Sequence position dependent regularization. Example for the regularization term ^tw Λ w in equation (2). The weight vector w corresponds to a scoring matrix for three nucleic acids as in Figure 2, but without pair coefficients. The diagonal matrix Λ has three different values Λ1, Λ2 and Λ3 effecting values in vector w corresponding to sequence positions 1, 2 and 3. There is no regularization penalty on the 'Offset' value.

Figure 4

Iterative model fitting using the L2_<> norm. In this example, the model is a linear function which is fitted to a set of paired values (x, y_meas). For two of the x values (x = 3 and x = 5), the measured values are thresholds (Greater 3).

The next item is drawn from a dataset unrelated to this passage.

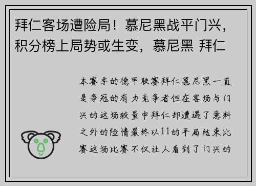 本赛季的德甲联赛,拜仁慕尼黑一直是争冠的有力竞争者,但在客场与门兴的这场较量中,拜仁却遭遇了意料之外的险情,最终以1-1的平局结束比赛。这场比赛不仅让人看到了门兴的顽强防守,也暴露了拜仁在客场应对压力时的不足,尤其是在进攻端的缺乏创造性和防守端的松懈表现。对于一直处于领先位置的拜仁而言,这场平局意味着什么?积分榜上的局势是否会因此而发生变化?

Fitting a linear function to paired values according to the L2 norm corresponds to the standard linear regression. A depicts the model fit (straight line) to the measured values (black boxes), ignoring any thresholds. For x = 5, the model value y_pred taken from the regression curve is 3.4, above the measured threshold value 3. Therefore, in the next iteration the y_meas* value is set to the model value 3.4. B shows the new linear regression with the adjusted y_meas* values. This procedure is repeated until the y_meas* values no longer change (8 iterations, panel C).

Figure 5

Combining peptide and library data improves prediction quality. A set of 449 9-mer peptides with measured affinities for TAP taken from [20] was split into 5 blind sets. For each of these blind sets, predictions where made from different size subsets of the remaining peptides. The x-axis depicts the number of peptides in these subsets used for generating predictions using either the peptides alone (circles) or in combination with data from a combinatorial peptide library (squares). The dashed line displays the prediction of the library alone, which was taken from [15]. The y-axis depicts the L2_<> distance of the predictions for the combined 5 blind sets.

Figure 6

Visualization of prediction quality. Scatter plot of predicted vs. measured affinity for peptide binding to TAP. The depicted prediction corresponds to the data point in figure 5 with the lowest cross-validated distance, in which 350 peptides and the peptide library were used for training.